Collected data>
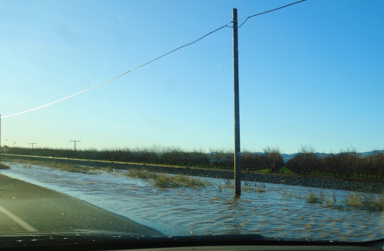I had to drive through water in several places, and even had to make a detour at one place near Patterson. Fortunately, the detour was not very long.
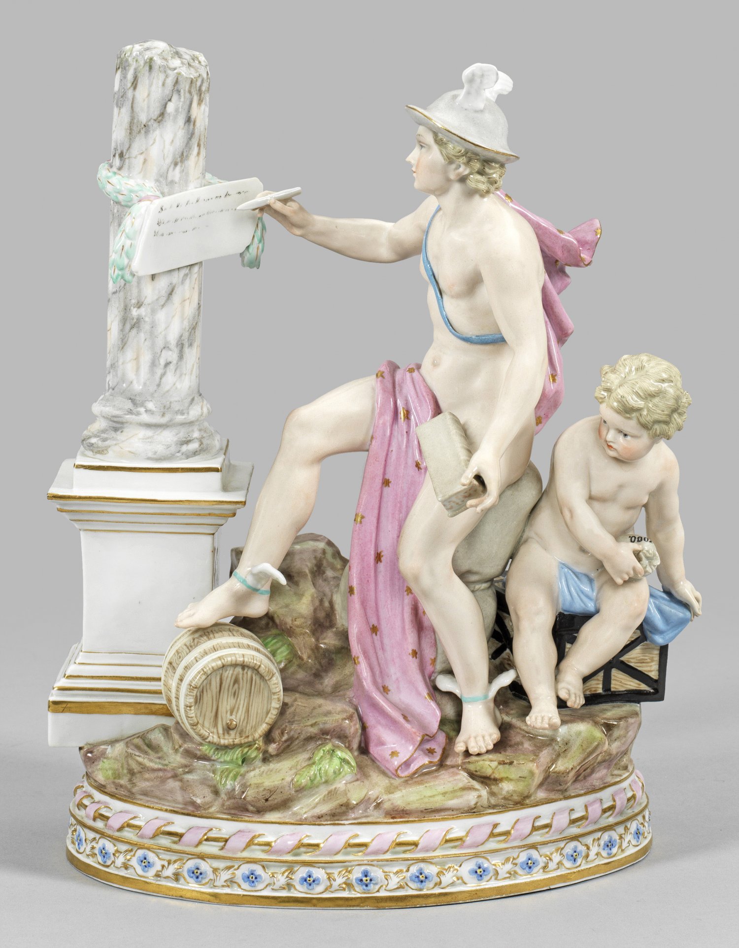 Ovaler Felssockel mit reliefierten Ornamentbordüren. Auf einem geschnürten Ballen sitzender Götterbote Merkur mit geflügelten Füßen, Flügelhut und rosafarbenem, von Goldsternen gemustertem Tuch, den rechten Fuß auf ein Fass aufstellend. Die linke Hand ein Buch haltend. Mit der Rechten schreibt er auf eine Tafel, die mit einem Lorbeerkranz an einem marmoriertem Säulenstumpf über profiliertem Podest befestigt ist. Begleitend ein auf einer Kriegskasse sitzender Putto mit Talerbeutel. Polychrome Malerei mit reicher Goldstaffage. Entw. Michel Victor Acier. Minim. best.; Schwertermarke. H. 27 cm.
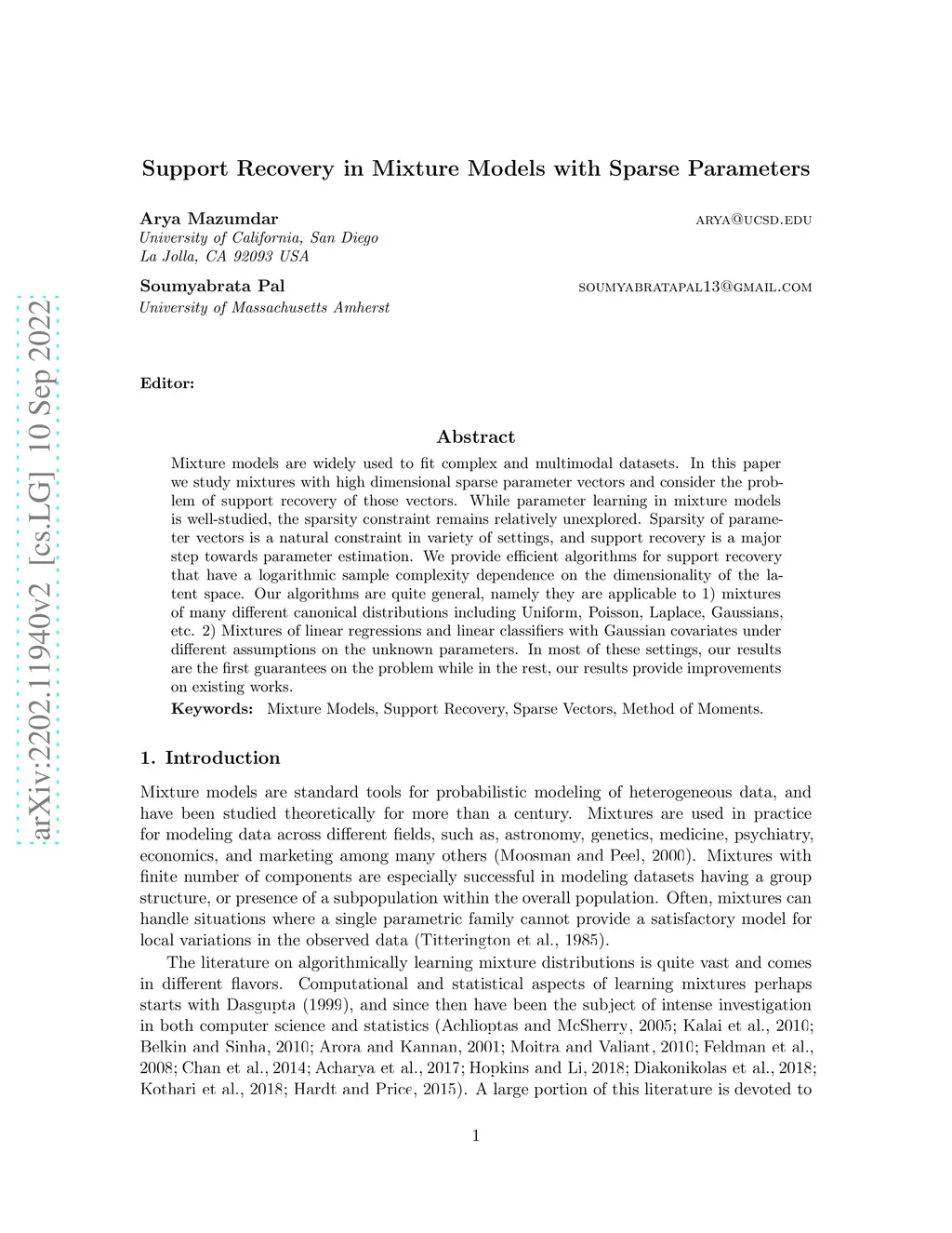 Support Recovery in Mixture Models with Sparse Parameters
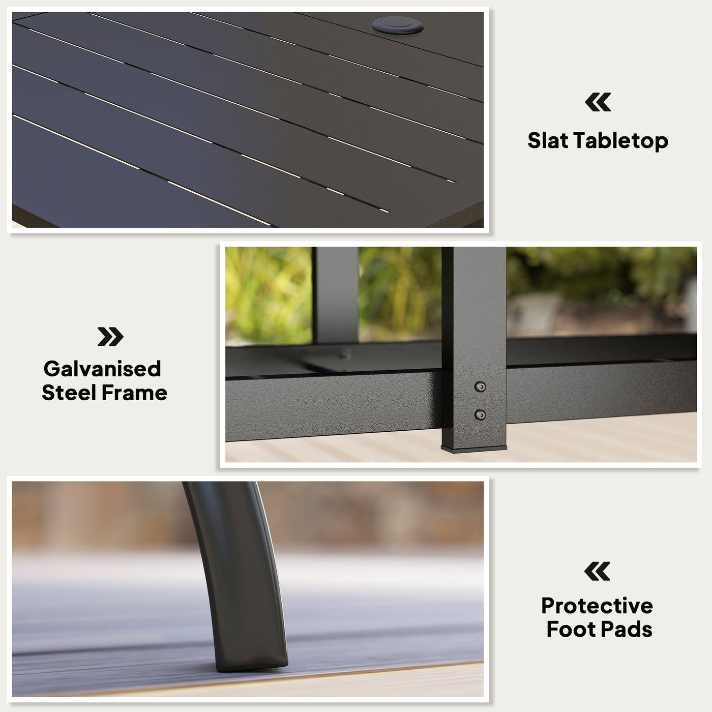 Outsunny Rectangle Garden Dining Table with Parasol Hole, Patio Table with Steel Frame and Slat Tabletop, 150cm x 90cm, Black - Black
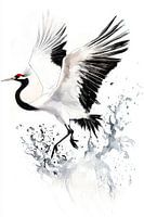 Elegantie in beweging: Een majestueuze kraanvogel ontvouwt zijn prachtige vleugels in een dans tussen water en lucht. De zachte waterkleuren geven het beeld een kalme, harmonieuze uitstraling. Ideaal voor de slaapkamer om een vredige sfeer te creëren of als blikvanger in de woonkamer om een gesprek te stimuleren.
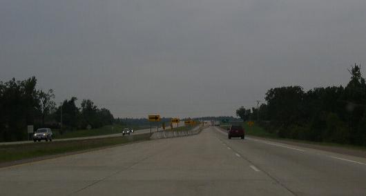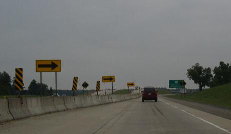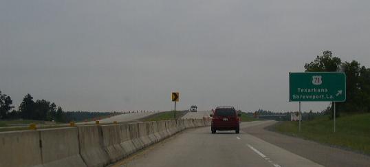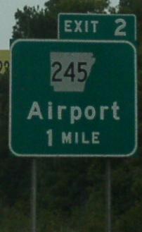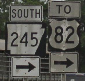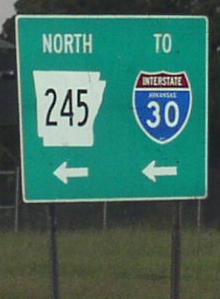 BGS on WB I-30. BGS on EB I-30. A set of guide markers on a ramp from WB I-30. SB AR St Rt 245 near 19th Street in Texarkana. Warning sign that the expressway is ending. SB AR St Rt 245 at the reduction of traffic lanes. All traffic is forced off at U.S. Rt. 71. The highway is closed to traffic south of here. A look at a new stack interchange south of U.S. Rt. 71. (Sept 2003) BGS on SB U.S. Rt. 71.
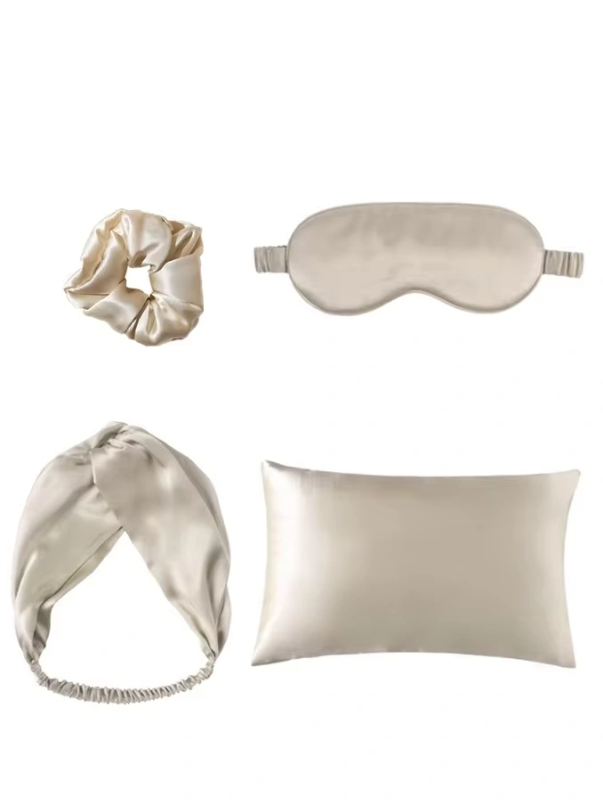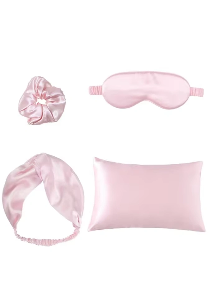 4Pcs a Set Satin Pillowcase With Hidden Zipper, Adjustable Satin Eye Mask For Sleeping, And Satin Volume Scrunchies headband
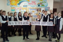 8 декабря на уроке литературы в 8 классе по теме «Коррупция и сопутствующие ей пороки чиновничества в комедии Н.В.Гоголя «Ревизор» развенчали пороки чиновничества в комедии и венец пороков – коррупцию. Восьмиклассники связали их с современностью, доказали злободневность пьесы Н. В. Гоголя. Ученики показали умение философского обобщения, открыли смысл гоголевского произведения. Провели акцию «Мы против коррупции!», «Мы за честную жизнь!»
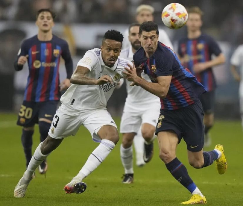 Real Madrid's Eder Militao (L) and Barcelona's Robert Lewandowski fight for possession during the final of the Spanish Super Cup in Riyadh, Saudi Arabia.
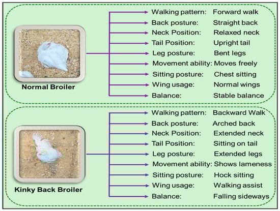 KB was first identified in Great Britain and subsequently reported in countries like Australia, Canada, the USA, and Germany [15,16,17]. It has been recognized as a global concern in the broiler production industry. The condition most frequently affects the fifth and sixth thoracic vertebrae between 3 and 6 weeks of age [9,18,19]. Clinical cases may affect only about 2% of the flock, and up to 60% of birds can be subclinically impacted, experiencing discomfort and mobility issues without visible symptoms [9,17]. This hidden prevalence complicates early intervention, as affected birds often go unnoticed until the condition worsens. In addition, detecting the early subclinical stage is difficult with standard observation methods. Difficulty in early detection underscores the need for advanced diagnostic tools to identify at-risk birds before symptoms progress.
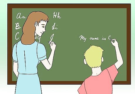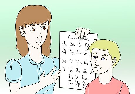 Start on the basics. Once your child is in about third or fourth grade, or expresses a wish to learn cursive, get them started on learning. It's best to have a sheet that shows every letter in cursive, in uppercase and lowercase, and start them on reading it, as cursive can be very difficult to read initially. You can start your child on writing cursive, if you wish, but if they begin reading it first, you will be able to show them an example of what cursive typically looks like, how it's connected, and what letters are what.
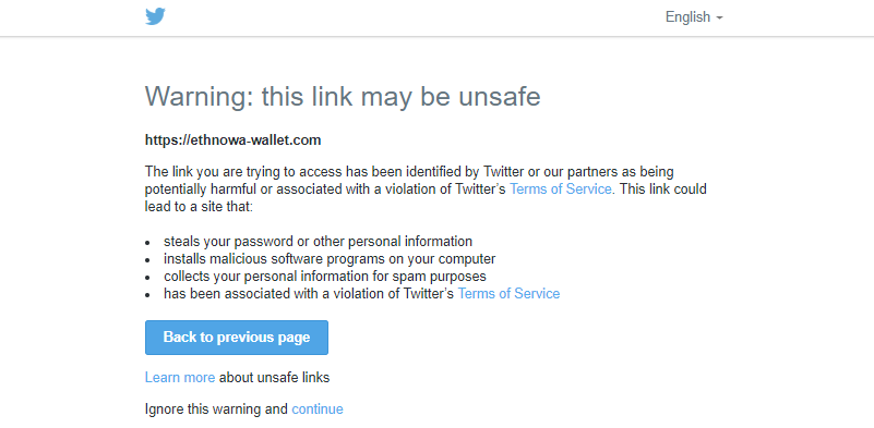- Warnings by Twitter that the site for the wallet is “potentially harmful”
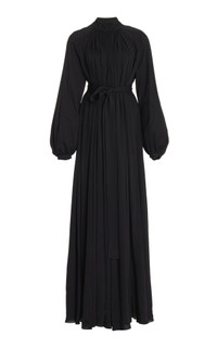 The Gabriela Hearst Cedric dress flows elegantly from the high-neck collar with delicate tucks that fall dramatically to the sweep. A self-belt cinches this style in at the waist. This style exudes an easy grace. Finished with self-button cuffs and neckline. Details: - 100% Silk - High-neck - Belted-waist - Floor-length hem - Self-button neckline and cuffs - Relaxed fit - Made in Italy Size and fit: Relaxed fit. Fits true to size. The model is 5'11" and wearing a size 38.
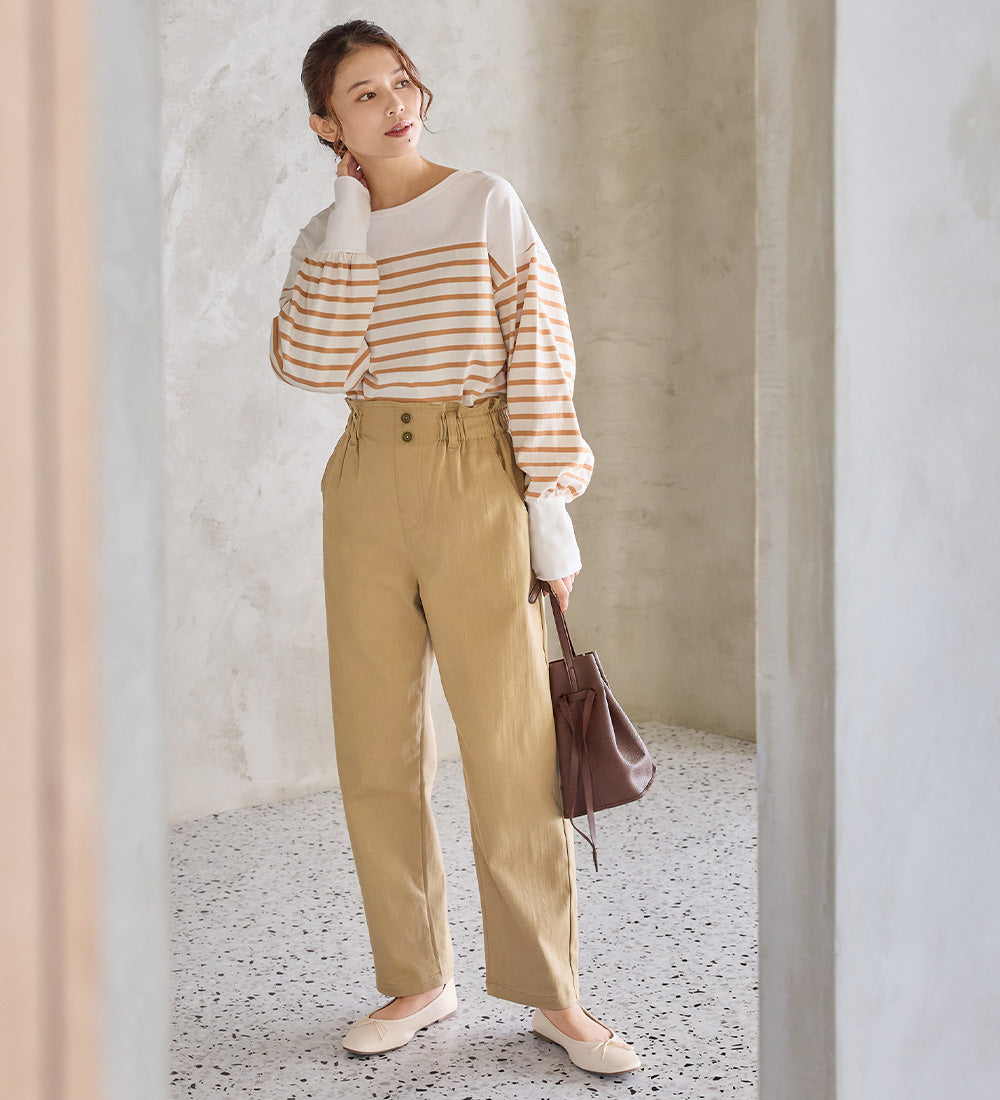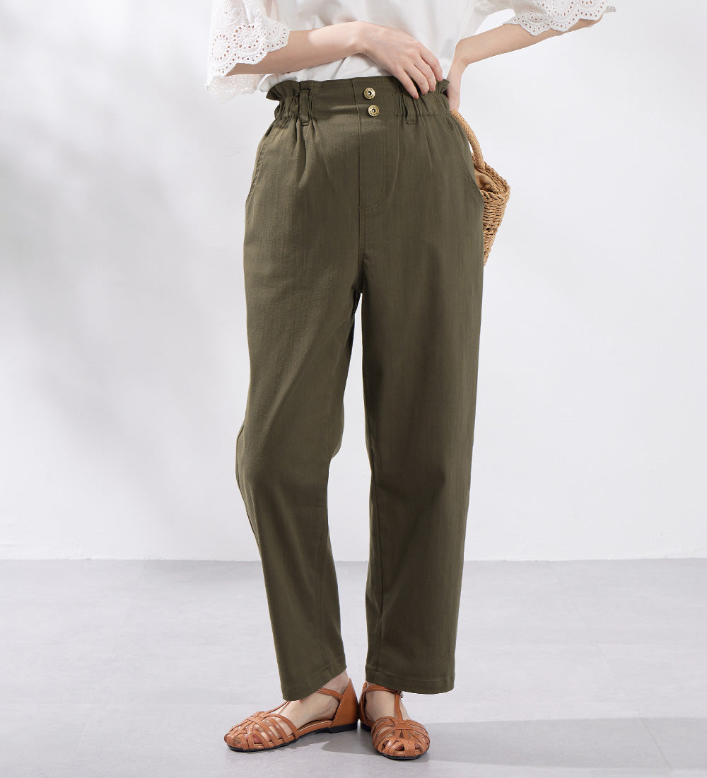 腰部是一種褶皺的設計,因此您可以穿可愛。♪易於磨損,總橡膠規格。
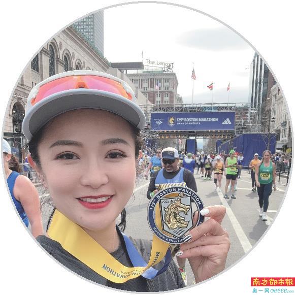 李怡洁展示2025年波士顿马拉松完赛奖牌。
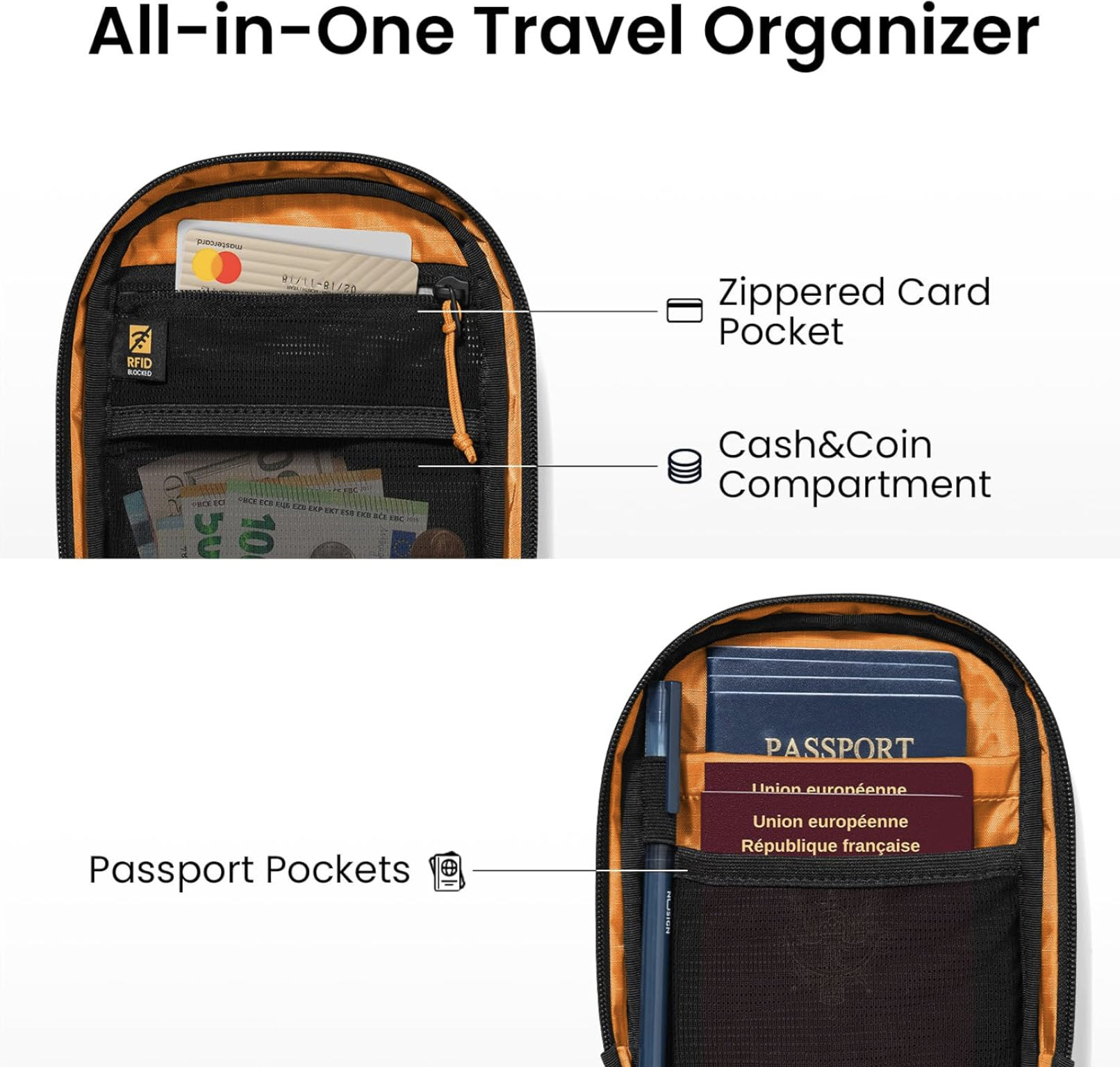 Bên trong ngăn chính còn có các ngăn nhỏ khác để bạn sắp xếp hộ chiếu, thẻ, tiền xu và bút. Điều này giúp mọi thứ luôn ngăn nắp, dễ tìm kiếm và không bị lộn xộn. Ngăn trượt bên ngoài: Túi có một ngăn trượt nhỏ ở phía sau, rất tiện lợi để cất vé máy bay, thẻ lên máy bay hoặc các loại thẻ cần lấy ra nhanh chóng.

What you have to do>
Starting at the line containing "Outsunny Rectangle Garden" and stopping at the line containing "BGS on WB I-30.", output each line exactly as it appears above. Leave out the pictures.

Your response>
 Outsunny Rectangle Garden Dining Table with Parasol Hole, Patio Table with Steel Frame and Slat Tabletop, 150cm x 90cm, Black - Black
 Elegantie in beweging: Een majestueuze kraanvogel ontvouwt zijn prachtige vleugels in een dans tussen water en lucht. De zachte waterkleuren geven het beeld een kalme, harmonieuze uitstraling. Ideaal voor de slaapkamer om een vredige sfeer te creëren of als blikvanger in de woonkamer om een gesprek te stimuleren.
 BGS on WB I-30. BGS on EB I-30. A set of guide markers on a ramp from WB I-30. SB AR St Rt 245 near 19th Street in Texarkana. Warning sign that the expressway is ending. SB AR St Rt 245 at the reduction of traffic lanes. All traffic is forced off at U.S. Rt. 71. The highway is closed to traffic south of here. A look at a new stack interchange south of U.S. Rt. 71. (Sept 2003) BGS on SB U.S. Rt. 71.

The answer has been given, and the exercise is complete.